May 2016 – Walking Contradiction

No, I’m not talking about history – this is about my cycling ride on Saturday. I participated in the 2016 Tour de Cure San Antonio, and completed the 103-mile course. I’ve only ridden a century (a 100-mile ride) once before, and my attempts at doing another were thwarted twice: once, a year later, when the entire ride was washed out by heavy thunderstorms, and then again at last year’s Tour de Cure, when they closed the century course early due to thunderstorms.

Start of ride — Lining up for the start of the ride (at 7am)!

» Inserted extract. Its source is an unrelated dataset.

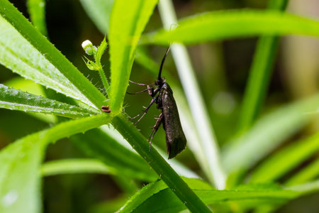 A black moth perched on a leaf, displaying its dark wings and subtle patterns, making it an excellent subject for studying insect behavior, camouflage, and the biodiversity of

Well, this year’s ride had its share of thunderstorms, too, but fortunately they were at the end. The day started off overcast and threatening-looking, but nothing came of all those clouds. About 30 miles into the ride the sun burst through, and I was hoping that it would stick around for a while. However, we only got to enjoy the sunshine for an hour or so until the clouds returned. It kept looking darker and darker as the ride progressed, and then at the rest stop at mile 80 there were event officials warning that a little ways up the road it was already raining heavily. They had vehicles that would shuttle you and your bike to the finish line if you didn’t want to ride through the storm, but that wasn’t what I had set out to do. What’s a little water, anyway?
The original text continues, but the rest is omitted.